Despite this, we see considerable overlap between different regimes, indicating that considering these countries in at a given point in time to be distinctively democratic / autocratic may not be warranted in some cases.
There is an outlier cluster that is distinct to the semi-circle configuration of points that UMAP provides. We can isolate these observations simply by filtering.

embedding.query("second_dim < -1.5")["country_year"].to_numpy()

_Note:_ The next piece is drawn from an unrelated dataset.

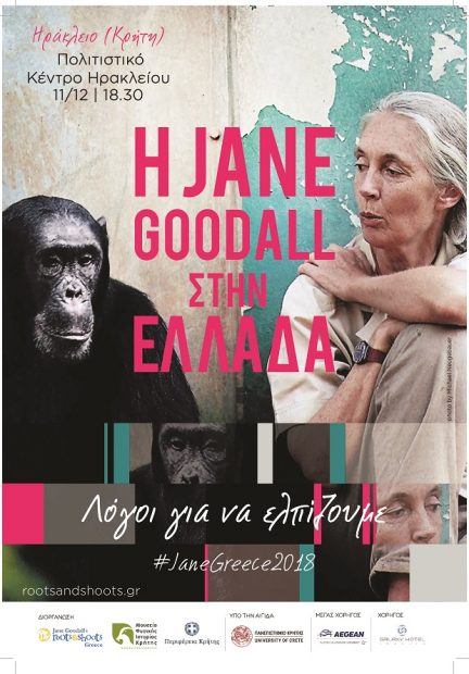 Tο Μουσείο Φυσικής Ιστορίας Κρήτης – Πανεπιστήμιο Κρήτης, η Περιφέρεια Κρήτης και το Jane Goodall Roots & Shoots Greece ανακοινώνουν την επίσκεψη της διεθνούς φήμης πρωτευοντολόγου, ηθολόγου και Πρέσβειρας Ειρήνης των Ηνωμένων Εθνών Dr. Jane Goodall στο Ηράκλειο σήμερα Τρίτη 11 Δεκεμβρίου 2018 ώρα 18:30, στην αίθουσα του Πειραματικού Θεάτρου στο Πολιτιστικό Κέντρο Ηρακλείου (Λ. Πλαστήρα).

array(['Burma/Myanmar-2022', 'Burma/Myanmar-2023', 'Yemen-2016',
       'Yemen-2017', 'Yemen-2018', 'Yemen-2019', 'Yemen-2020',
       'Yemen-2021', 'Yemen-2022', 'Yemen-2023', 'South Sudan-2017',
       'South Sudan-2018', 'South Sudan-2021', 'South Sudan-2022',
       'Afghanistan-2021', 'Afghanistan-2022', 'Afghanistan-2023',
       'North Korea-2010', 'North Korea-2011', 'North Korea-2012',
       'North Korea-2013', 'North Korea-2014', 'North Korea-2015',
       'North Korea-2016', 'North Korea-2017', 'North Korea-2018',
       'North Korea-2019', 'North Korea-2020', 'North Korea-2021',
       'North Korea-2022', 'North Korea-2023', 'Qatar-2010', 'Qatar-2011',
       'Qatar-2012', 'Qatar-2013', 'Qatar-2014', 'Qatar-2015',
       'Qatar-2016', 'Qatar-2017', 'Qatar-2018', 'Qatar-2019',
       'Qatar-2020', 'Qatar-2021', 'Qatar-2022', 'Qatar-2023',
       'Syria-2010', 'Syria-2011', 'Syria-2012', 'Syria-2013',
       'Syria-2014', 'Syria-2015', 'Syria-2016', 'Syria-2017',
       'Syria-2018', 'Syria-2019', 'Syria-2020', 'Syria-2021',
       'Syria-2022', 'Syria-2023', 'Belarus-2021', 'Belarus-2022',
       'Belarus-2023', 'China-2010', 'China-2011', 'China-2012',
       'China-2013', 'China-2014', 'China-2015', 'China-2016',
       'China-2017', 'China-2018', 'China-2019', 'China-2020',
       'China-2021', 'China-2022', 'China-2023', 'Eritrea-2010',
       'Eritrea-2011', 'Eritrea-2012', 'Eritrea-2013', 'Eritrea-2014',
       'Eritrea-2015', 'Eritrea-2016', 'Eritrea-2017', 'Eritrea-2018',
       'Eritrea-2019', 'Eritrea-2020', 'Eritrea-2021', 'Eritrea-2022',
       'Eritrea-2023', 'Libya-2010', 'Tajikistan-2016', 'Tajikistan-2017',
       'Tajikistan-2018', 'Tajikistan-2019', 'Tajikistan-2020',
       'Tajikistan-2021', 'Tajikistan-2022', 'Tajikistan-2023',
       'Turkmenistan-2010', 'Turkmenistan-2011', 'Turkmenistan-2012',
       'Turkmenistan-2013', 'Turkmenistan-2014', 'Turkmenistan-2015',
       'Turkmenistan-2016', 'Turkmenistan-2017', 'Turkmenistan-2018',
       'Turkmenistan-2019', 'Turkmenistan-2020', 'Turkmenistan-2021',
       'Turkmenistan-2022', 'Turkmenistan-2023', 'Uzbekistan-2010',
       'Uzbekistan-2011', 'Uzbekistan-2012', 'Uzbekistan-2013',
       'Uzbekistan-2014', 'Uzbekistan-2015', 'Uzbekistan-2016',
       'Bahrain-2011', 'Bahrain-2012', 'Bahrain-2013', 'Bahrain-2014',
       'Bahrain-2015', 'Bahrain-2016', 'Bahrain-2017', 'Bahrain-2018',
       'Bahrain-2019', 'Bahrain-2020', 'Bahrain-2021', 'Bahrain-2022',
       'Bahrain-2023', 'Equatorial Guinea-2010', 'Equatorial Guinea-2018',
       'Equatorial Guinea-2020', 'Equatorial Guinea-2021',
       'Equatorial Guinea-2022', 'Saudi Arabia-2010', 'Saudi Arabia-2011',
       'Saudi Arabia-2012', 'Saudi Arabia-2013', 'Saudi Arabia-2014',
       'Saudi Arabia-2015', 'Saudi Arabia-2016', 'Saudi Arabia-2017',
       'Saudi Arabia-2018', 'Saudi Arabia-2019', 'Saudi Arabia-2020',
       'Saudi Arabia-2021', 'Saudi Arabia-2022', 'Saudi Arabia-2023',
       'United Arab Emirates-2010', 'United Arab Emirates-2011',
       'United Arab Emirates-2012', 'United Arab Emirates-2013',
       'United Arab Emirates-2014', 'United Arab Emirates-2015',
       'United Arab Emirates-2016', 'United Arab Emirates-2017',
       'United Arab Emirates-2018', 'United Arab Emirates-2019',
       'United Arab Emirates-2020', 'United Arab Emirates-2021',
       'United Arab Emirates-2022', 'United Arab Emirates-2023'],
      dtype=object)

This approach yields a very interesting finding: the most notoriously undemocratic regimes in the world such as Afghanistan under the Taliban, North Korea, and Eritrea all form a part of this cluster.